Start of DATA EXTRACTS
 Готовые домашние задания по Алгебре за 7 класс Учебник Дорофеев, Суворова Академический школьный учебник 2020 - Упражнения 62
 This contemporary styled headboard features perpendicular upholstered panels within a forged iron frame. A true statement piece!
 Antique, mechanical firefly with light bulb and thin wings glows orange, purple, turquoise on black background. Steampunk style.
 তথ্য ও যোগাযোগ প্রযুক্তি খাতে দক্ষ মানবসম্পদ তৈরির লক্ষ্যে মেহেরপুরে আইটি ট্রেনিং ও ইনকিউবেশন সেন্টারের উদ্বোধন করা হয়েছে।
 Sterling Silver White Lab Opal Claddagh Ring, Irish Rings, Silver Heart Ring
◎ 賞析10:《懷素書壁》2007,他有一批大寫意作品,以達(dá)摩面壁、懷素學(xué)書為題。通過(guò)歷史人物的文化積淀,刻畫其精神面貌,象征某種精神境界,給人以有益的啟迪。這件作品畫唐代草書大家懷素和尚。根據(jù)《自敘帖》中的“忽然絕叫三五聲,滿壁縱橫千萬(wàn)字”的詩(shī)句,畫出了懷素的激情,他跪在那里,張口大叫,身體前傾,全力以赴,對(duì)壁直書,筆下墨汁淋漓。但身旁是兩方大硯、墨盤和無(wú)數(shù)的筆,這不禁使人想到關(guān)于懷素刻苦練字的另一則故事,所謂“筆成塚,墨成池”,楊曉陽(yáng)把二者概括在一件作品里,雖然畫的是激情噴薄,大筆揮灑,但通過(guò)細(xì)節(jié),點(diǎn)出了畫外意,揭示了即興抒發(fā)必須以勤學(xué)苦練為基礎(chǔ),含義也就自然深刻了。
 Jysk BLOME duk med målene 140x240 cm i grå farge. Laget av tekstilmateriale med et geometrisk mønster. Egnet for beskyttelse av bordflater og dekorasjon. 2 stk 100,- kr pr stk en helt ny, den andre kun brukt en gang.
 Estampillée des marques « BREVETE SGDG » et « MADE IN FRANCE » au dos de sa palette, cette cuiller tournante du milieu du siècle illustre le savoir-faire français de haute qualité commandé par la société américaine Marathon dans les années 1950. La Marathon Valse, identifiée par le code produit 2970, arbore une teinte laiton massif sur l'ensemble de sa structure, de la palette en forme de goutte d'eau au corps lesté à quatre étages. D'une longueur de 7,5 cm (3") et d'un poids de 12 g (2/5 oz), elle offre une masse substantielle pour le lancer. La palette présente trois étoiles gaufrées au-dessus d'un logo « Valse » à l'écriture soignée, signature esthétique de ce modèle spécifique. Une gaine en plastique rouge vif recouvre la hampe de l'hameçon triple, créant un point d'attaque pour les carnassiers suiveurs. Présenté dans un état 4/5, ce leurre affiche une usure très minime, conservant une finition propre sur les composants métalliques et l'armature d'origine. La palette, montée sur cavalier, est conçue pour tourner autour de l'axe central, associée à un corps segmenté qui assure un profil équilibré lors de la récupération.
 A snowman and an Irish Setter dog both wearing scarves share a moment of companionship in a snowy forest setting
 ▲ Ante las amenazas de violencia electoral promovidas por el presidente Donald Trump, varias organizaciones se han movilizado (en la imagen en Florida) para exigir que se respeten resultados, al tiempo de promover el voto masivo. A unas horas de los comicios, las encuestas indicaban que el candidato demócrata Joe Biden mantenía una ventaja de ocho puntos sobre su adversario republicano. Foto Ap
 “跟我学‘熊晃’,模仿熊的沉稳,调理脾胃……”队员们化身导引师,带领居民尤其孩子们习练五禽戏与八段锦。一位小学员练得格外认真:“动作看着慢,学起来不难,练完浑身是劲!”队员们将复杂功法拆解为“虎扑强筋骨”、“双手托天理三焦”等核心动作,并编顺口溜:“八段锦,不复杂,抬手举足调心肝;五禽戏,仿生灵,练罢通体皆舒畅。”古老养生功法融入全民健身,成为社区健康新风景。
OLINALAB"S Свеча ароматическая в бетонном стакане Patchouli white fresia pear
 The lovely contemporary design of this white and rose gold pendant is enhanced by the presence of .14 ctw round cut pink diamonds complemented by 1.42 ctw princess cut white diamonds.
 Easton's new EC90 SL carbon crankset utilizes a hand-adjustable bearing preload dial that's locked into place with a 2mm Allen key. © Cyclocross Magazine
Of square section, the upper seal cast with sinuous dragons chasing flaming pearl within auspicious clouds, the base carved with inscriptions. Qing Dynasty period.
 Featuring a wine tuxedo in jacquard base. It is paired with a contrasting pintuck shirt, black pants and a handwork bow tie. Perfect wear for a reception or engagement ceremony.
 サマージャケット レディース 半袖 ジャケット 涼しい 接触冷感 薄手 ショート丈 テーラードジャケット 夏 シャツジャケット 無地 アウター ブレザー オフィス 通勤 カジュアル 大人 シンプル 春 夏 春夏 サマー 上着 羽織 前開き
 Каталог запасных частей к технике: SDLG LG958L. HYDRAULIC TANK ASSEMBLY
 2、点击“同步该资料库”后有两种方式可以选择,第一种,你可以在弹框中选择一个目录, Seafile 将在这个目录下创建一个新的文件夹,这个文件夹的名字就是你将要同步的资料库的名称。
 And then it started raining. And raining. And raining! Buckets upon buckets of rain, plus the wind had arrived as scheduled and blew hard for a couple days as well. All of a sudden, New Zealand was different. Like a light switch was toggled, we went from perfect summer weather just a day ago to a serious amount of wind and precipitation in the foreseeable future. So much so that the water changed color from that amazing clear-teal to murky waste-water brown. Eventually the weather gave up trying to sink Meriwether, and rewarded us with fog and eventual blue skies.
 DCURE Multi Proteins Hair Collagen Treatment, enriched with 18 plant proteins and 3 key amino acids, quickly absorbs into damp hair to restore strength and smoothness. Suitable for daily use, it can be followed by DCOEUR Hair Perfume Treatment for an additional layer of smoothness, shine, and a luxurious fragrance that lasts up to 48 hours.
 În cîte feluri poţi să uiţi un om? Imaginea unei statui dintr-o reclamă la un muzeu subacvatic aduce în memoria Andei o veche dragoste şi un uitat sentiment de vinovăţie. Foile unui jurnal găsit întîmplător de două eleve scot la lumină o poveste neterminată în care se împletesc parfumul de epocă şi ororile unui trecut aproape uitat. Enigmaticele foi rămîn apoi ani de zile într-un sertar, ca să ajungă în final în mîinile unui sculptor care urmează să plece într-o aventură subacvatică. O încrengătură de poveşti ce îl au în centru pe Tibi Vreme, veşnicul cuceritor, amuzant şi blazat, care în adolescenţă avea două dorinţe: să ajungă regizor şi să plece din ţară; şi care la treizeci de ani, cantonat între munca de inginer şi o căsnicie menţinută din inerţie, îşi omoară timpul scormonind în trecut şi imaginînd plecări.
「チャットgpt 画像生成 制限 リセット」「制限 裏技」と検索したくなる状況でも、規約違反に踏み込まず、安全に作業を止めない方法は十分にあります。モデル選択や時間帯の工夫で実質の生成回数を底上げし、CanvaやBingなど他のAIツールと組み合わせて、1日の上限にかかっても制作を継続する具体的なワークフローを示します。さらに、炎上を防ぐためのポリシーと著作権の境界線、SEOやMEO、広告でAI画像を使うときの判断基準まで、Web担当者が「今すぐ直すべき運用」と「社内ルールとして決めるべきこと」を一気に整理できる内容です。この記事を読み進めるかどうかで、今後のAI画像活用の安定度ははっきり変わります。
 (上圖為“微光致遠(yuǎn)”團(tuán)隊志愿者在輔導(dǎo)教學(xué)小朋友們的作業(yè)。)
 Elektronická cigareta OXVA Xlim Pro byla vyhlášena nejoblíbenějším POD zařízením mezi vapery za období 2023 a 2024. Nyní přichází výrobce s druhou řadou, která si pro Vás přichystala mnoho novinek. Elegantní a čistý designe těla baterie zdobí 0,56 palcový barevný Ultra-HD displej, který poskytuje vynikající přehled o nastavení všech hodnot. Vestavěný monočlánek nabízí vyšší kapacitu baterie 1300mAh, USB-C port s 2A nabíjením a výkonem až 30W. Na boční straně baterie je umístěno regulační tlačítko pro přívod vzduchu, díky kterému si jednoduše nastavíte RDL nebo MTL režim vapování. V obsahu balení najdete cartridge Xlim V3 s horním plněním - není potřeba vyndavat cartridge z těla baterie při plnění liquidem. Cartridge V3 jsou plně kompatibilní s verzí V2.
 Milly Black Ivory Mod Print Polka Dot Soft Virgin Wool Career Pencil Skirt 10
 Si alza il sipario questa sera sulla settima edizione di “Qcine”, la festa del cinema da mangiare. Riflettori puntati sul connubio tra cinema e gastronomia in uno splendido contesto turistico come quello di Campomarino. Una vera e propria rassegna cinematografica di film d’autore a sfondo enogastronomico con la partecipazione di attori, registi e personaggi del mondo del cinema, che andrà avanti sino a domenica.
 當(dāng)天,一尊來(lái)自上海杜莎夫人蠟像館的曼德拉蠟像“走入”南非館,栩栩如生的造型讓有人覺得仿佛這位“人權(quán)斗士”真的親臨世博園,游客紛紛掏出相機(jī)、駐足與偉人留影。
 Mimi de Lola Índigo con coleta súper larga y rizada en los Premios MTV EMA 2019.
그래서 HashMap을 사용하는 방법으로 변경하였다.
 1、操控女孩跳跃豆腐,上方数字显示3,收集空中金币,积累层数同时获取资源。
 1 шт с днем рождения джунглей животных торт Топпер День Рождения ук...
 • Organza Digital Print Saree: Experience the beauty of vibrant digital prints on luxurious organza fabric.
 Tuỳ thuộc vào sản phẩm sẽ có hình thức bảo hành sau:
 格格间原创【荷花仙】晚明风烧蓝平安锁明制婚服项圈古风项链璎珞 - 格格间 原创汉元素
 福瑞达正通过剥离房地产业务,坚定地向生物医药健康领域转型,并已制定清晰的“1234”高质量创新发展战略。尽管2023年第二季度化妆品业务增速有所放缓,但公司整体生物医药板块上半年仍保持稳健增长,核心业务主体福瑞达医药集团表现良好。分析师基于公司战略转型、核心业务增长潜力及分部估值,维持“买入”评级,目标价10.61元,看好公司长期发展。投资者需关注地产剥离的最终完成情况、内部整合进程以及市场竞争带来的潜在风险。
End of DATA EXTRACTS
### AIM OF THE EXERCISE
Please reproduce, word for word, every line from the line with "1 шт с днем" to the final line above, including both ends.

### OUTPUT OF THE EXERCISE
 1 шт с днем рождения джунглей животных торт Топпер День Рождения ук...
 • Organza Digital Print Saree: Experience the beauty of vibrant digital prints on luxurious organza fabric.
 Tuỳ thuộc vào sản phẩm sẽ có hình thức bảo hành sau:
 格格间原创【荷花仙】晚明风烧蓝平安锁明制婚服项圈古风项链璎珞 - 格格间 原创汉元素
 福瑞达正通过剥离房地产业务,坚定地向生物医药健康领域转型,并已制定清晰的“1234”高质量创新发展战略。尽管2023年第二季度化妆品业务增速有所放缓,但公司整体生物医药板块上半年仍保持稳健增长,核心业务主体福瑞达医药集团表现良好。分析师基于公司战略转型、核心业务增长潜力及分部估值,维持“买入”评级,目标价10.61元,看好公司长期发展。投资者需关注地产剥离的最终完成情况、内部整合进程以及市场竞争带来的潜在风险。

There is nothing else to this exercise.